Data excerpts
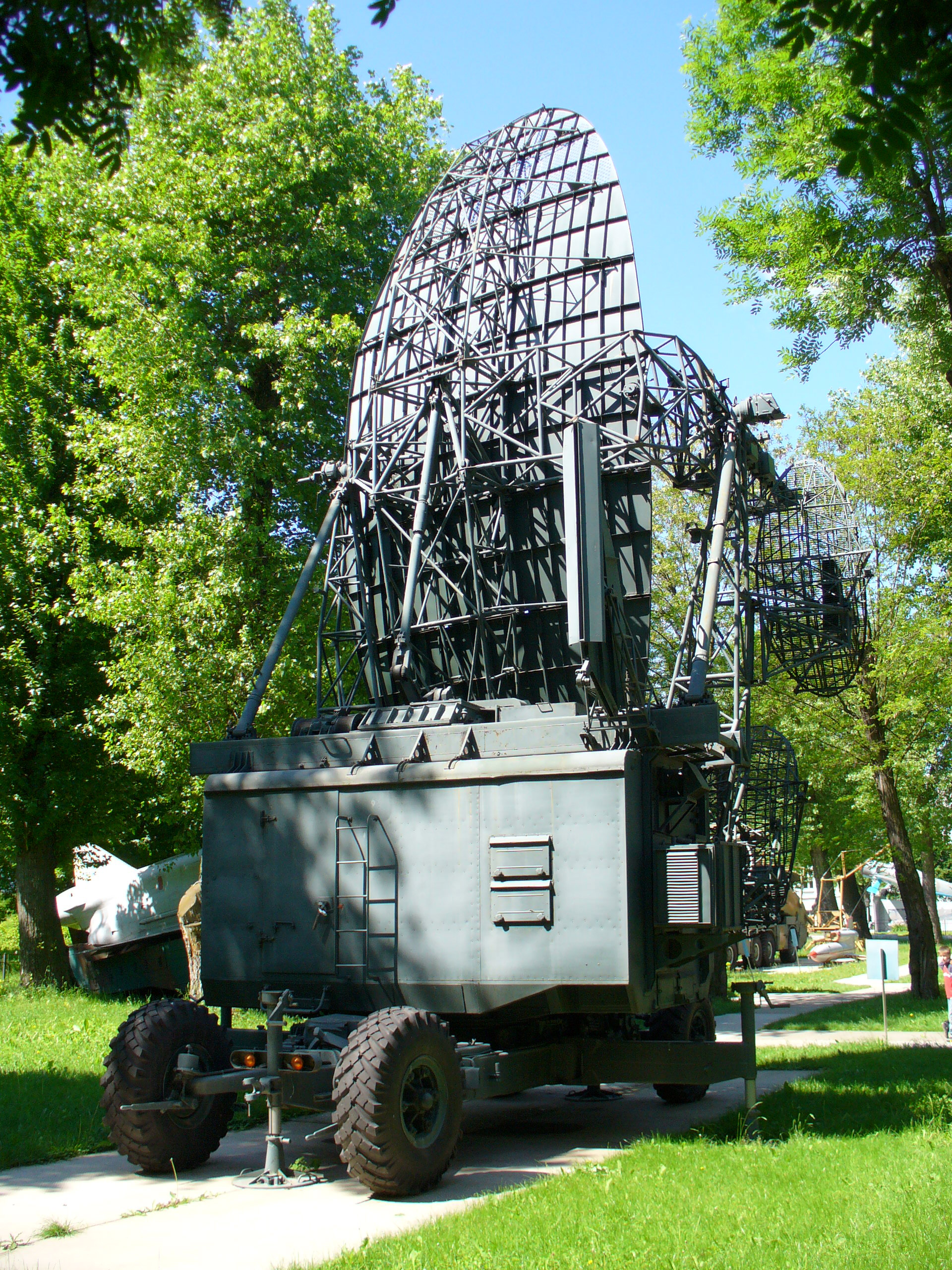 A Soviet Mobile Radar Height Finder PRV-17 (GRAU index 1RL141); ITU-classificatio: Radiolocation land station in the radiolocation service.
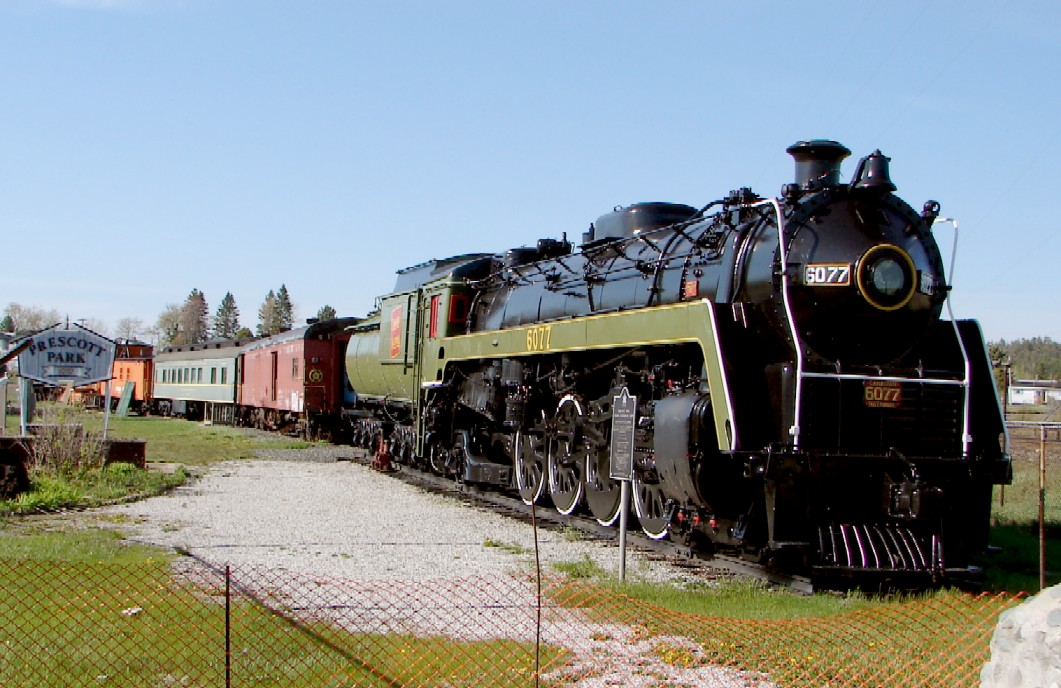 Prescott Park in Capreol, part of Greater Sudbury, Ontario, Canada
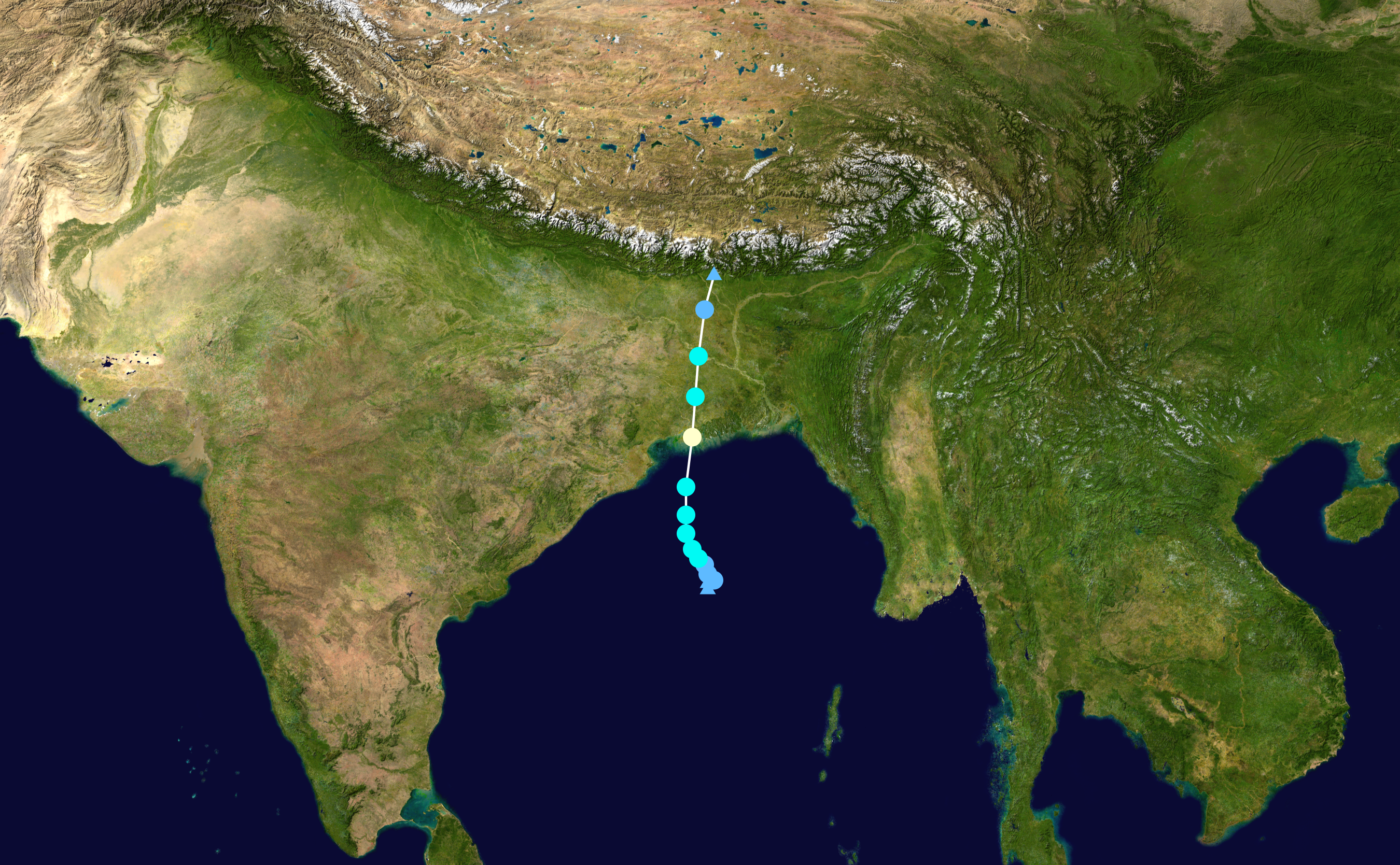 Track map of Severe Cyclonic Storm Aila of the 2009 North Indian Ocean cyclone season. The points show the location of the storm at 6-hour intervals. The colour represents the storm's maximum sustained wind speeds as classified in the Saffir–Simpson scale (see below), and the shape of the data points represent the nature of the storm, according to the legend below. Saffir–Simpson scale Tropical depression≤38 mph≤62 km/h Category 3111–129 mph178–208 km/h Tropical storm39–73 mph63–118 km/h Category 4130–156 mph209–251 km/h Category 174–95 mph119–153 km/h Category 5≥157 mph≥252 km/h Category 296–110 mph154–177 km/h Unknown Storm type Tropical cyclone Subtropical cyclone Extratropical cyclone / Remnant low / Tropical disturbance / Monsoon depression
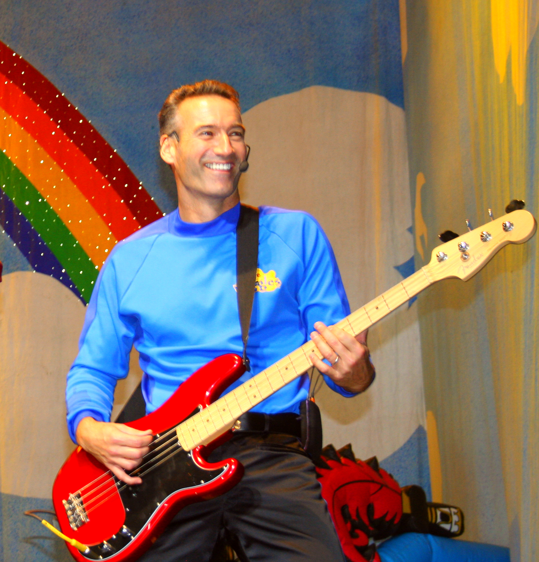 Anthony Field of kids music group The Wiggles, performs at the MCI Center (now Verizon Centre) in Washington, D.C. on November 8, 2007.
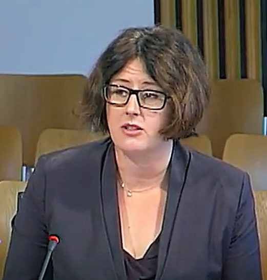 Health and Sport Committee - Scottish Parliament: 9th May 2017 1. Preventative Agenda: The Committee taking evidence from Dr Margaret McCartney, General Practitioner. Published by the Scottish Parliament Corporate Body.
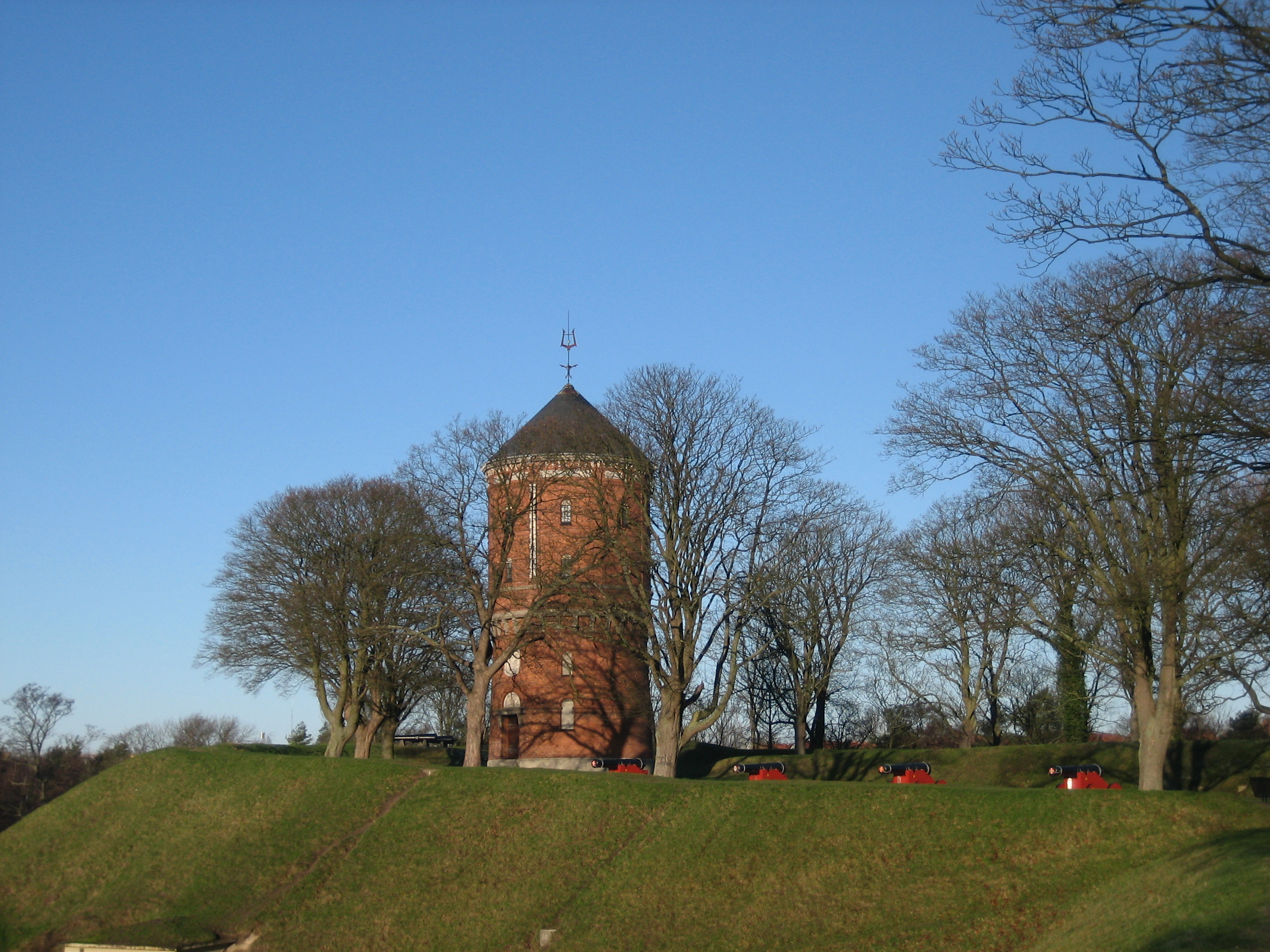 Nyborg, Denmark. The water tower on the Queen's Bastion (Dronningens Bastion).
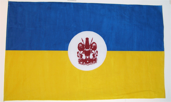 Modern flag of Toro, photo
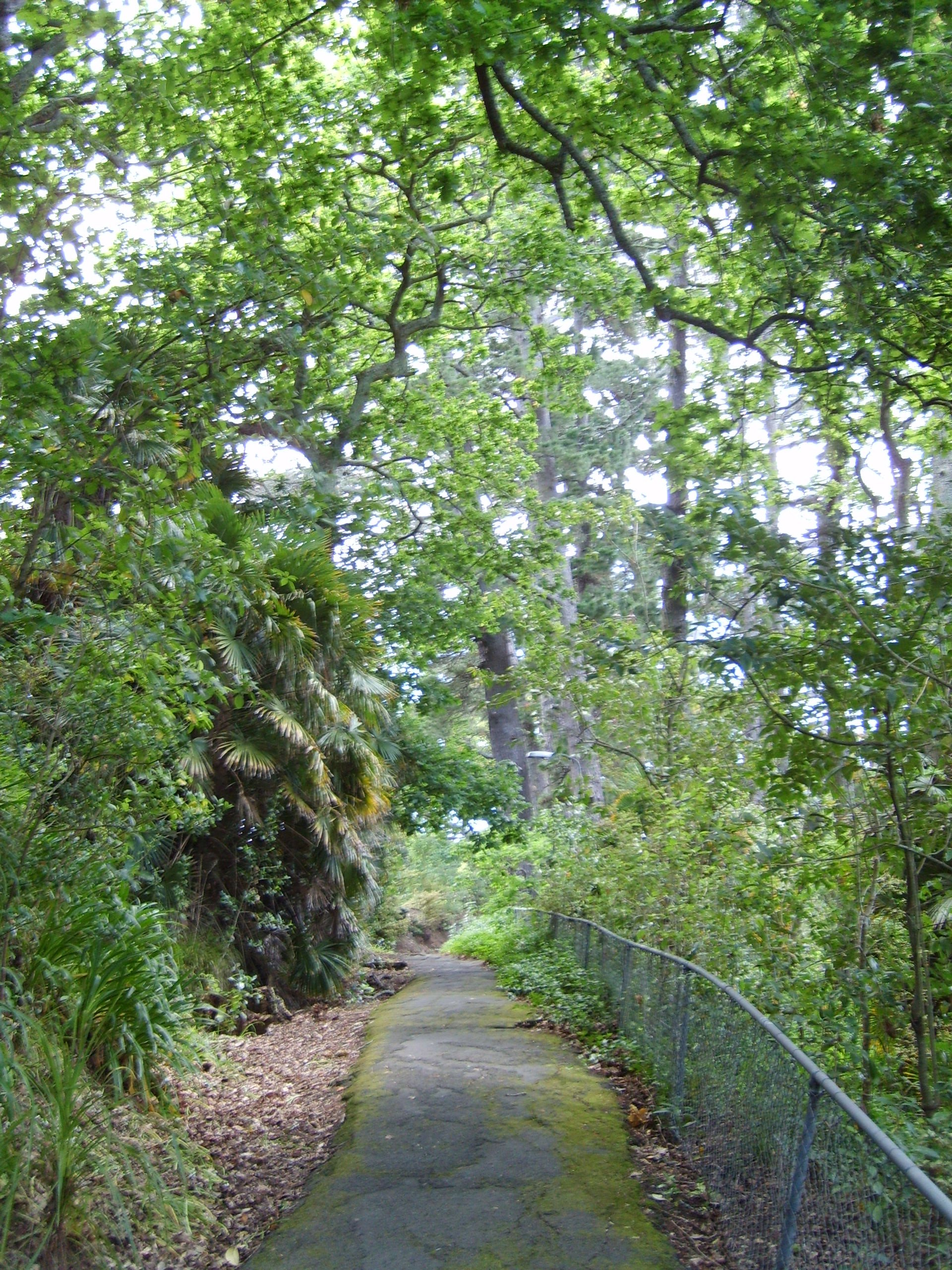 One of the footpaths leading through the grounds of Chelsea Sugar Refinery
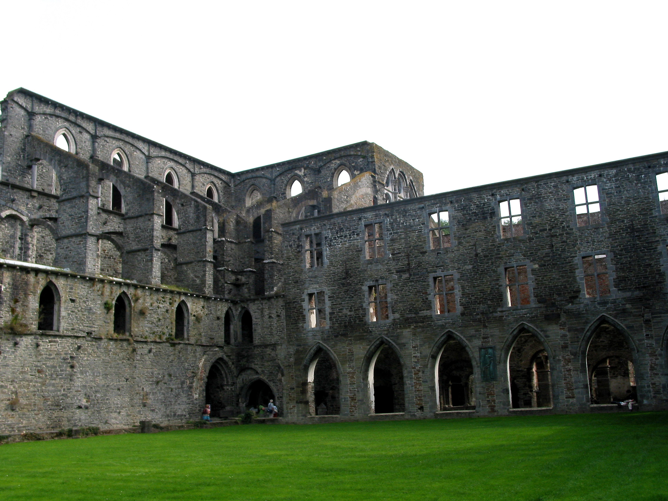 Villers-la-Ville (Belgium), ruins of the nave, right transept and northern part cloister of the abbey church (XIIIth century).
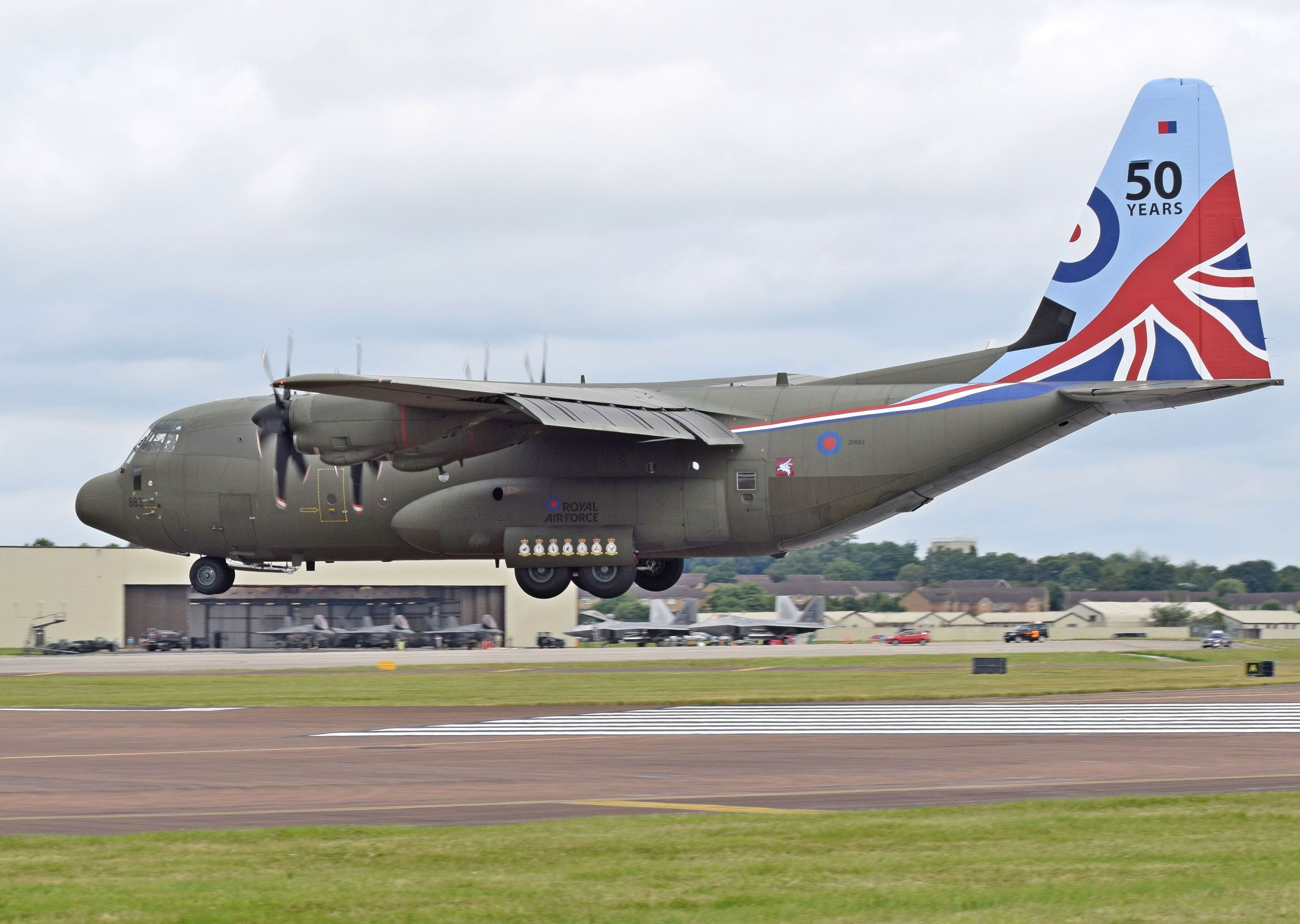 Lockheed Martin C-130J Hercules (code ZH883) of the Royal Air Force arrives at the 2016 Royal International Air Tattoo, RAF Fairford, England. The fin marking celebrates the 50th anniversary of the delivery of the RAFs first Hercules. (In the background, the hangar has three F-35 Lightnings, and outside two F-22 Raptors).

### WORK TO COMPLETE
Please transcribe all of the entries word for word, with the pictures left out.

### TASK SOLUTION
 A Soviet Mobile Radar Height Finder PRV-17 (GRAU index 1RL141); ITU-classificatio: Radiolocation land station in the radiolocation service.
 Prescott Park in Capreol, part of Greater Sudbury, Ontario, Canada
 Track map of Severe Cyclonic Storm Aila of the 2009 North Indian Ocean cyclone season. The points show the location of the storm at 6-hour intervals. The colour represents the storm's maximum sustained wind speeds as classified in the Saffir–Simpson scale (see below), and the shape of the data points represent the nature of the storm, according to the legend below. Saffir–Simpson scale Tropical depression≤38 mph≤62 km/h Category 3111–129 mph178–208 km/h Tropical storm39–73 mph63–118 km/h Category 4130–156 mph209–251 km/h Category 174–95 mph119–153 km/h Category 5≥157 mph≥252 km/h Category 296–110 mph154–177 km/h Unknown Storm type Tropical cyclone Subtropical cyclone Extratropical cyclone / Remnant low / Tropical disturbance / Monsoon depression
 Anthony Field of kids music group The Wiggles, performs at the MCI Center (now Verizon Centre) in Washington, D.C. on November 8, 2007.
 Health and Sport Committee - Scottish Parliament: 9th May 2017 1. Preventative Agenda: The Committee taking evidence from Dr Margaret McCartney, General Practitioner. Published by the Scottish Parliament Corporate Body.
 Nyborg, Denmark. The water tower on the Queen's Bastion (Dronningens Bastion).
 Modern flag of Toro, photo
 One of the footpaths leading through the grounds of Chelsea Sugar Refinery
 Villers-la-Ville (Belgium), ruins of the nave, right transept and northern part cloister of the abbey church (XIIIth century).
 Lockheed Martin C-130J Hercules (code ZH883) of the Royal Air Force arrives at the 2016 Royal International Air Tattoo, RAF Fairford, England. The fin marking celebrates the 50th anniversary of the delivery of the RAFs first Hercules. (In the background, the hangar has three F-35 Lightnings, and outside two F-22 Raptors).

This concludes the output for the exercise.